Extracted records

+===+

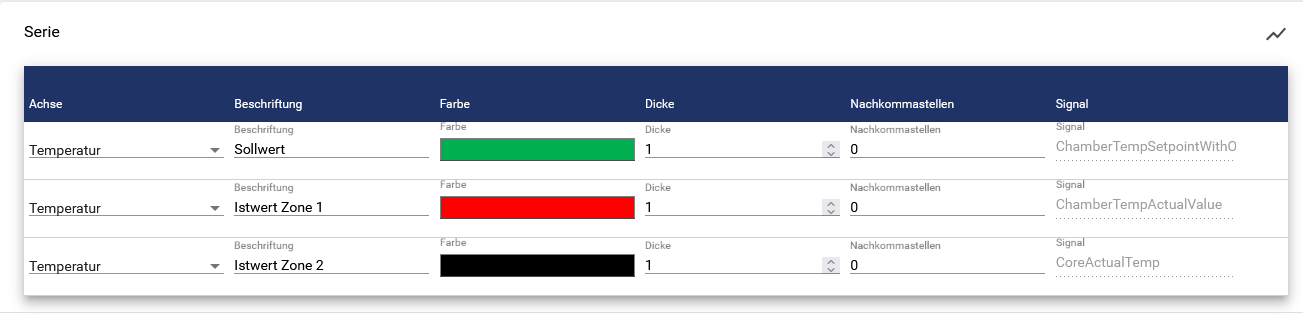 Für alle ausgewählten Datenpunkte wird automatisch eine Serie erstellt. Für jedes Signal, muss eine entsprechende Achse zugewiesen werden. Sie können weiterhin optional die Beschriftung, die Farbe sowie die Dicke der Linie und die Nachkommastellen im Diagramm bestimmen. In der Spalte “Signal” sieht man den Namen des hinterlegten Signals.
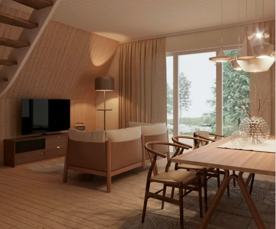 这个公司将传统木结构需要现场切割、剪裁的部分改为工厂进行,并对木结构进行了防腐和美化处理,使得房屋的梁、柱可以十分美观的暴露在外侧的同时,大型的木梁与木柱也使得房间内有大跨度的空间。这种木结构形式和传统结构类似,可以根据业主需求进行定制。
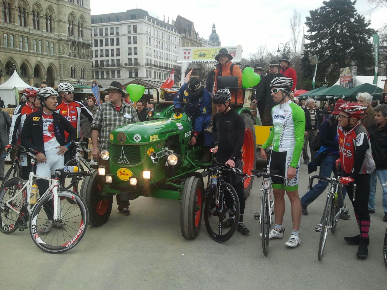 den offiziellen start verlegten wir zur stadtgrenze richtung purkersdorf – in der stadt wäre es viel zu gefährlich gewesen. schon beim anstieg auf die baumgartner höhe (~1km) merkten wir, sch… der traktor fährt zwar „nur“ 30km/h ABER auch bergauf mit unveränderter geschwindigkeit! wir drei hatten bei diesem anstieg jeweils >500watt am tacho – sch…. so klar ist die sache ja gar nicht! … leider haben wir bei diesem anstieg (bis auf einen) die radkollegen vom VCS velo-club simmering verloren, welche uns bis dahin gesellschaft leisteten… danke fürs mitrollen!
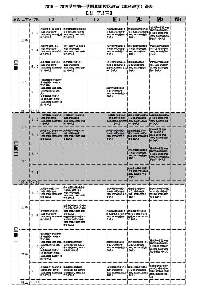 永利集团北固校区2018 - 2019学年第一学期本科教学课表
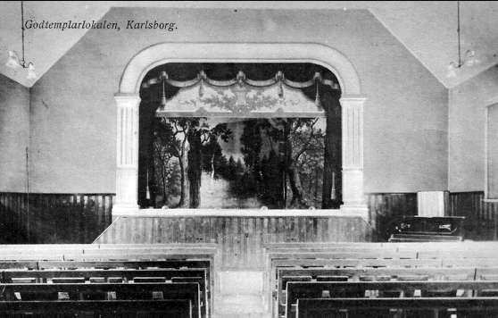 Karlsborg. Interiör godtemlargården (teaterbio) byggår och invigning år 1914. Vykort. Byggnaden revs sommaren 1998.

+===+

Set down all of the entries precisely and keep the pictures out of the copy.

 Für alle ausgewählten Datenpunkte wird automatisch eine Serie erstellt. Für jedes Signal, muss eine entsprechende Achse zugewiesen werden. Sie können weiterhin optional die Beschriftung, die Farbe sowie die Dicke der Linie und die Nachkommastellen im Diagramm bestimmen. In der Spalte “Signal” sieht man den Namen des hinterlegten Signals.
 这个公司将传统木结构需要现场切割、剪裁的部分改为工厂进行,并对木结构进行了防腐和美化处理,使得房屋的梁、柱可以十分美观的暴露在外侧的同时,大型的木梁与木柱也使得房间内有大跨度的空间。这种木结构形式和传统结构类似,可以根据业主需求进行定制。
 den offiziellen start verlegten wir zur stadtgrenze richtung purkersdorf – in der stadt wäre es viel zu gefährlich gewesen. schon beim anstieg auf die baumgartner höhe (~1km) merkten wir, sch… der traktor fährt zwar „nur“ 30km/h ABER auch bergauf mit unveränderter geschwindigkeit! wir drei hatten bei diesem anstieg jeweils >500watt am tacho – sch…. so klar ist die sache ja gar nicht! … leider haben wir bei diesem anstieg (bis auf einen) die radkollegen vom VCS velo-club simmering verloren, welche uns bis dahin gesellschaft leisteten… danke fürs mitrollen!
 永利集团北固校区2018 - 2019学年第一学期本科教学课表
 Karlsborg. Interiör godtemlargården (teaterbio) byggår och invigning år 1914. Vykort. Byggnaden revs sommaren 1998.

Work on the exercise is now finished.